NOTE: Quorum is a sufficient number of members of National Assembly or Congress to transact its daily business. Usually, it is 51% of the number of the body or 50% plus one depending on their internal rules. i. If the NO Vote wins, the proposed bill is dead. At this stage lies the difference between parliamentary system enshrined in the 1973 Constitution and the present 1987 Constitution. Under our present set-up, if two-thirds of all the members of a House decided to pass the bill, it shall be sent, together with the objections to the other house where it will undergo the same process, meaning another (3) readings on separate days. Moreover, if there is a variance between the proposed bill of the HOR and the Senate version of the bill, it may pass through the powerful bicameral conference committee, which can introduce amendments to suit both house of Congress. This is also known as the compromise bill. NOTE: At this stage, the original bill conceived by the original author may no longer be his proposed bill. After the bill has been finally passed, it will be submitted to the Prime Minister (President) for his approval. If he approves the same, he shall sign it, otherwise, he shall veto it and return the same with his objections to the National Assembly (House where it originated) and, if approved by two-thirds of all its members, shall become a law. Under the present set-up, the house where the bill originated can proceed to reconsider the vetoed bill.

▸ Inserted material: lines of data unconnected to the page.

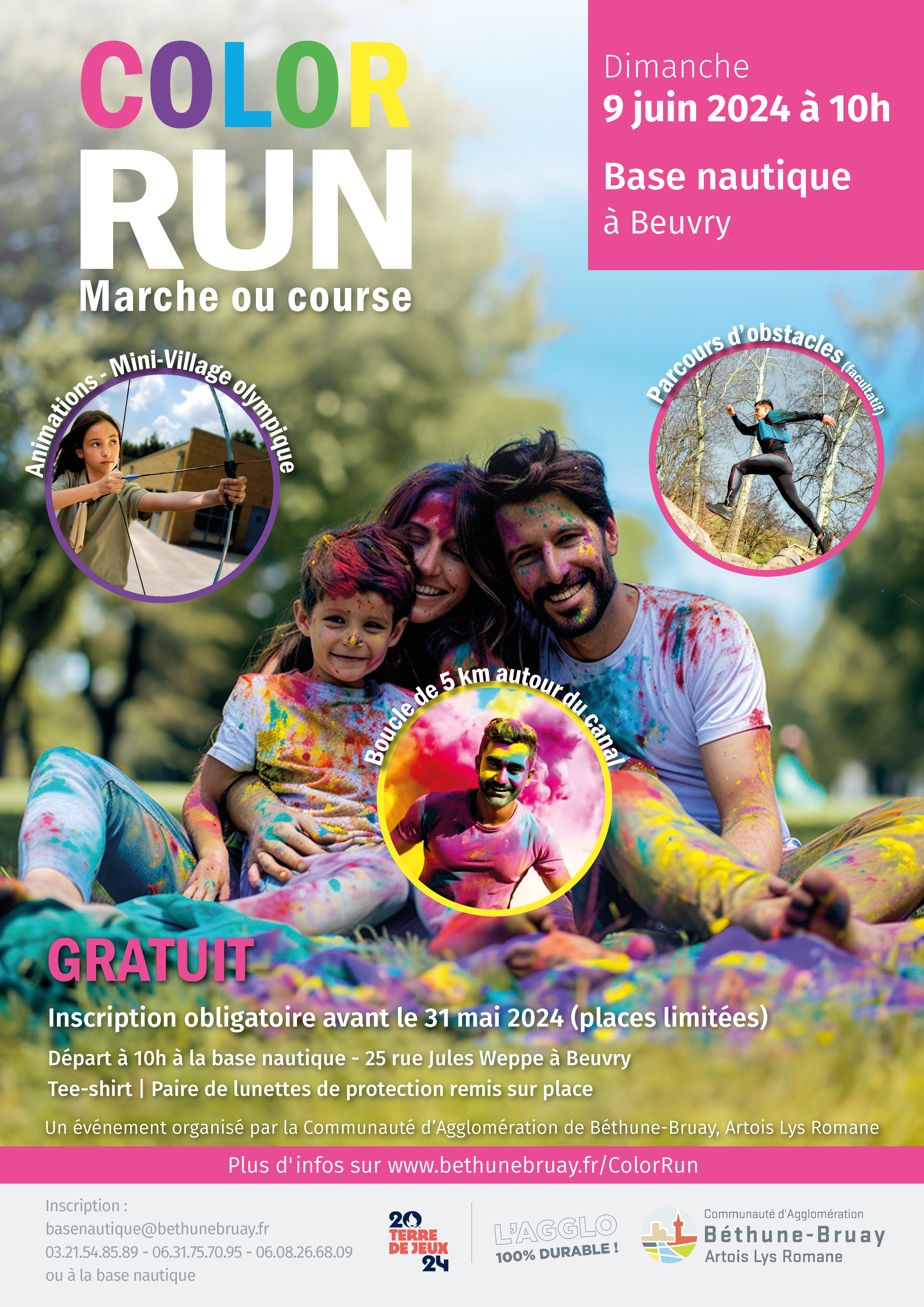 La communauté d'Agglomération de Béthune-Bruay, Artois Lys Romane lance sa première Color Run à la base nautique de Beuvry le 9 juin 2024 !
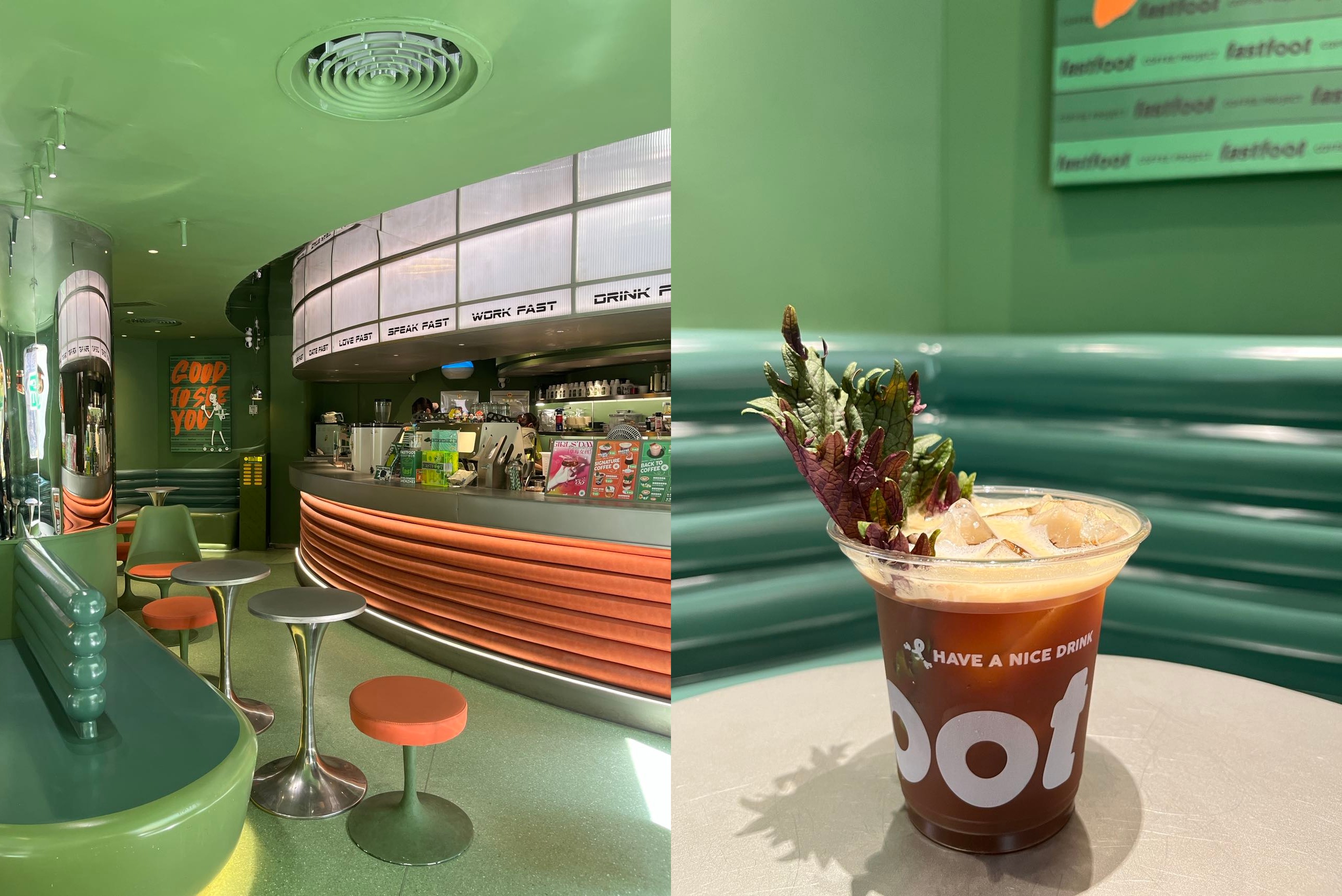 位于六运小区中央的“急急脚㗎啡公司”被精心设计过。无论是店门的座位,造型别样的大门,霓虹灯款式的招牌,还是店内地砖、吧台等都被不同层次的绿色元素所覆盖。主打复古风的装潢,好像让人一不小心就“滑”进80年代的disco溜冰场,遛完之后,你需要坐下来喝一杯创意咖啡饮品。
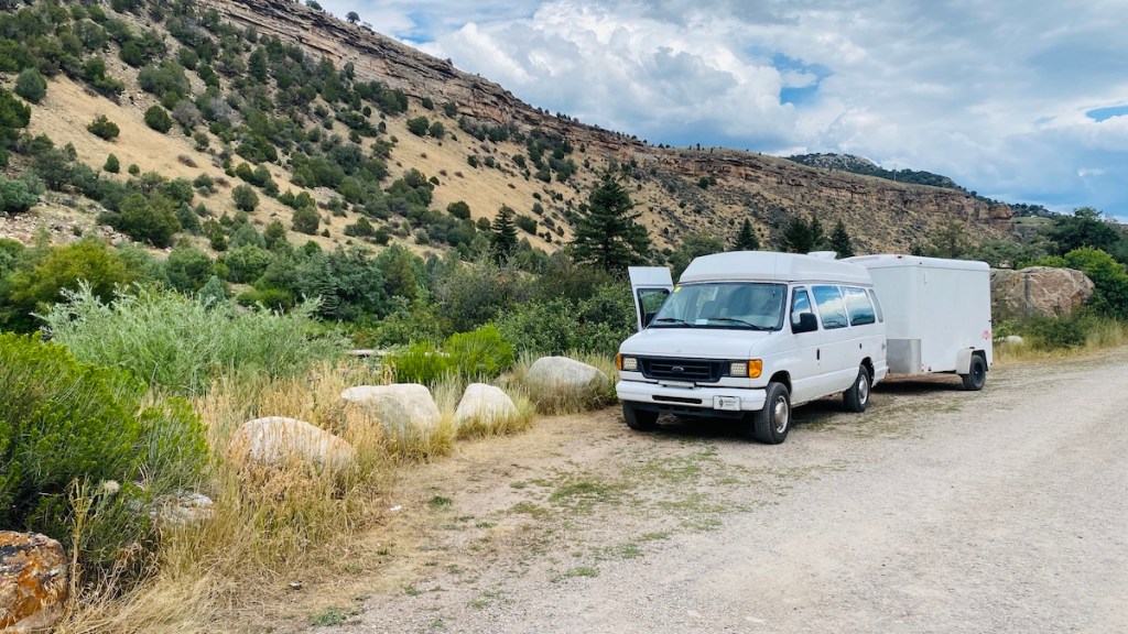 After stopping for supplies in the town of Rifle (the closest thing to civilization I’d seen in a while), I hopped on Interstate 70. Most of it was a pleasant, relatively slow 65 mph drive through the mountains. But there was one section that was absolutely terrible. The bumps were so bad that they knocked open cabinets that I’d double locked. Contents spilled out all over the van. The breakdown lane was about half a lane wide, so I couldn’t even pull over. The rest areas were all close so I couldn’t stop there, either. I ended up stopping in a closed rest area off-ramp, quickly reassembling the van, then getting back on the highway.
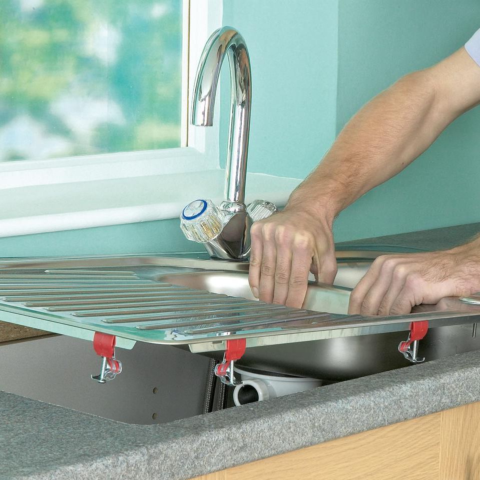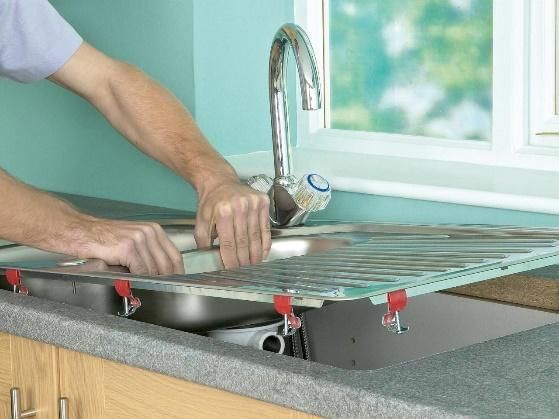 Pour installer l'évier dans le plan de travail et le fixer solidement et solidement, vous devez passer par deux étapes.
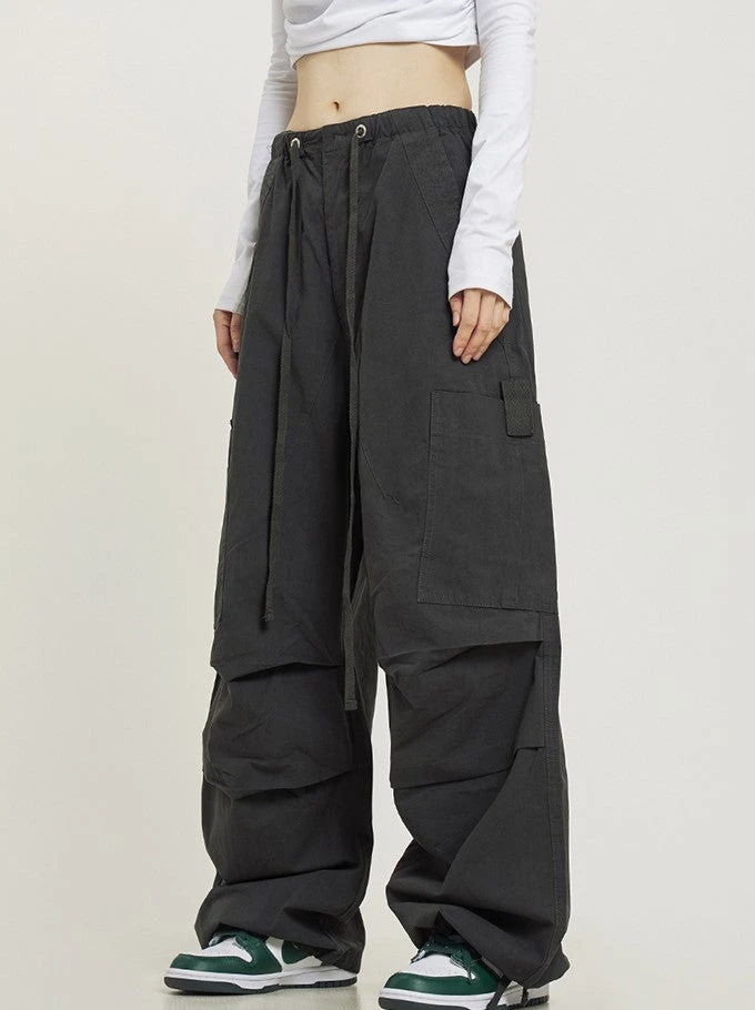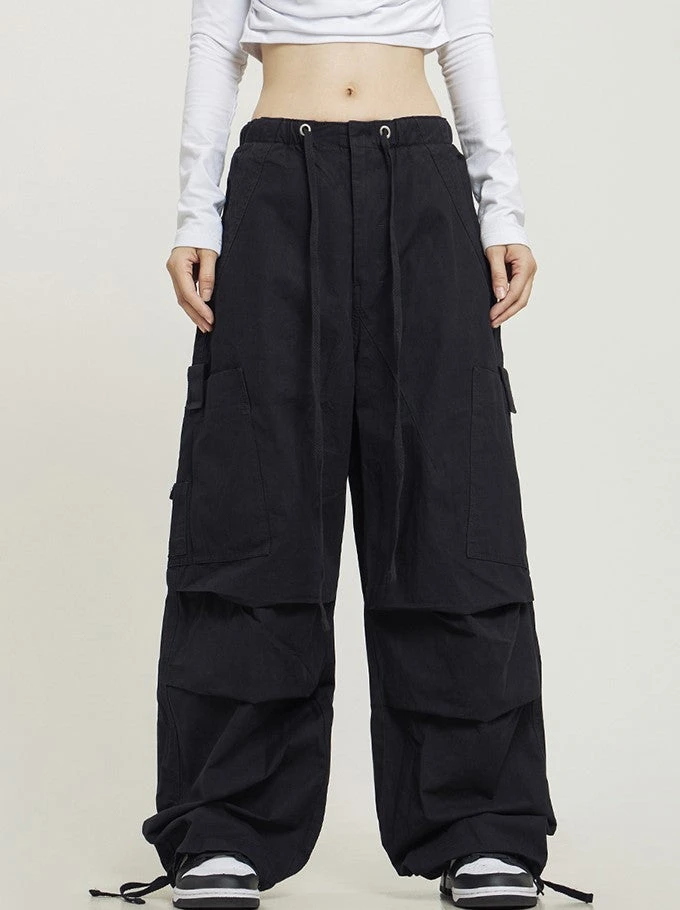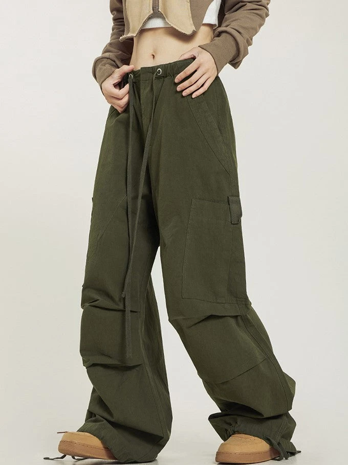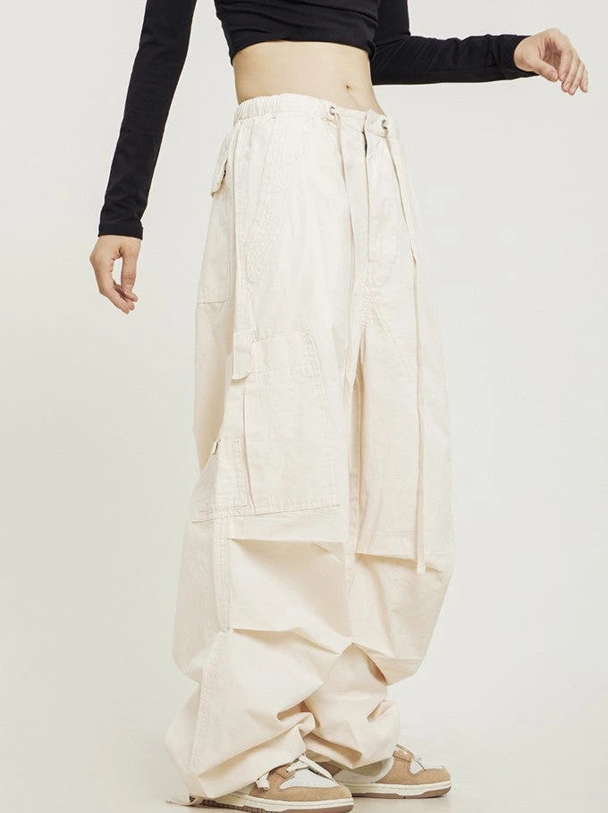 CTB relaxed-fit cotton blend cargo pants, drawstring at hem and elasticized waistband, flap-close pockets at outseams, four-pocket styling.

After such reconsideration, if two-thirds of all the members of such house shall agree to pass the bill, it shall be sent, together with the objections, to the other house by which it shall likewise be reconsidered, and if it is approved by two-thirds of all the members of that House, it shall become a law. In all such cases, the votes of each House shall be determined by yeas and nays and the names of the members voting for or against shall be entered in its journal. Every bill passed by Congress shall be acted upon by the President within 30 days from receipt thereof. Otherwise, it shall become a law as if he had signed it. In other words, there can be no presidential inaction or pocket veto under our Constitution.